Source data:
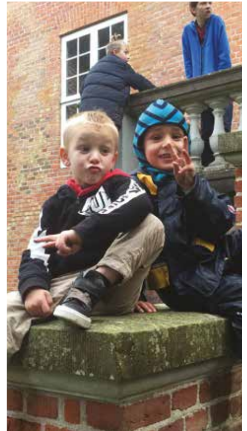
I Nakskov er et øget fokus på børn og unge en naturlig udvikling i familierarbejdet.

Frelsens Hær i Nakskov har to familieværksteder - et for familier og et for enlige forsørgere. I det sidstnævnte er enlige fædre også velkomne. Her et glimt fra en familielejr i efteråret.
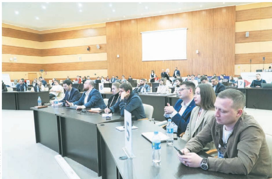
Конкурсанты вскоре отправятся на Камчатку.

Напряженный очный этап прошли 55 человек. Именно они стали участниками программы «Муравьев-Амурский 2030». Теперь будущие специалисты погрузятся не только в теорию госуправления. Они вникнут в жизнь территории Дальнего Востока, с лихвой ощутят и поймут это место: на вулканах Камчатки, в якут-
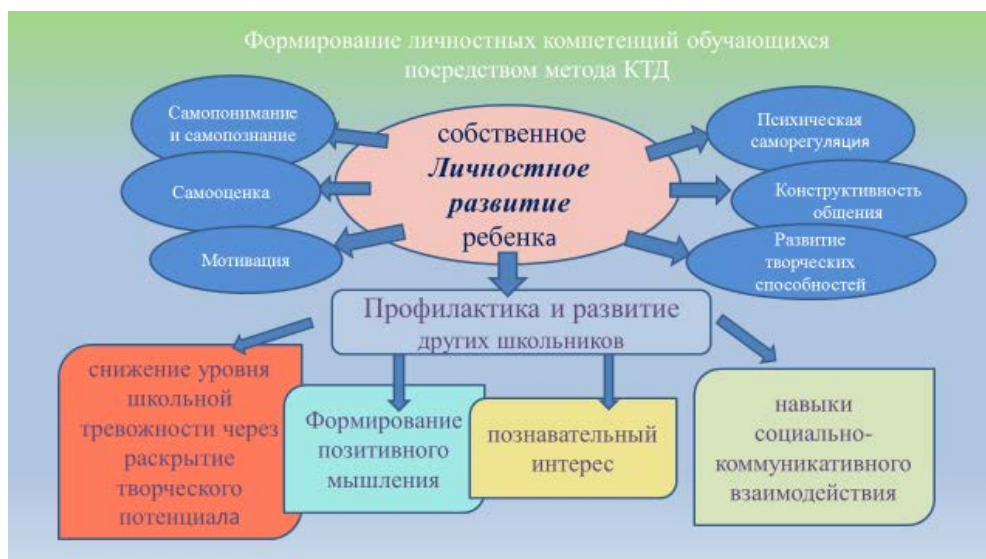
Рисунок 2 - Формирование личностных компетенций обучающихся посредством метода КТД

Цель занятий и других мероприятий, которые проводят дети - не только собственное личностное развитие, но и их персональный вклад в профилактику школьной тревожности через раскрытие творческого потенциала других (младших) школьников, собственно формирование у них эмоционально положительного отношения к школе, активизацию познавательных интересов, обогащение навыками социально-коммуникативного взаимодействия. (см. Рисунок 2)
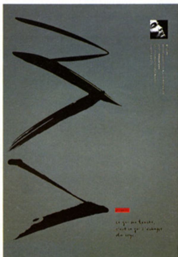
GROUPE MA 公演のポスター。1987年
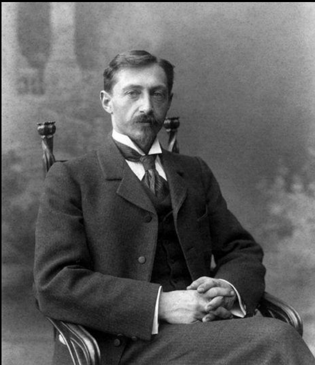
ПОРТРЕТ ПИСАТЕЛЯ И. БУНИНА. НИЖНИЙ НОВГОРОД.

# [PROMPT]
Within the records, the lines containing the string "Рисунок" are to be counted and their number given without comment.

# [SOLUTION TO THIS TASK]
2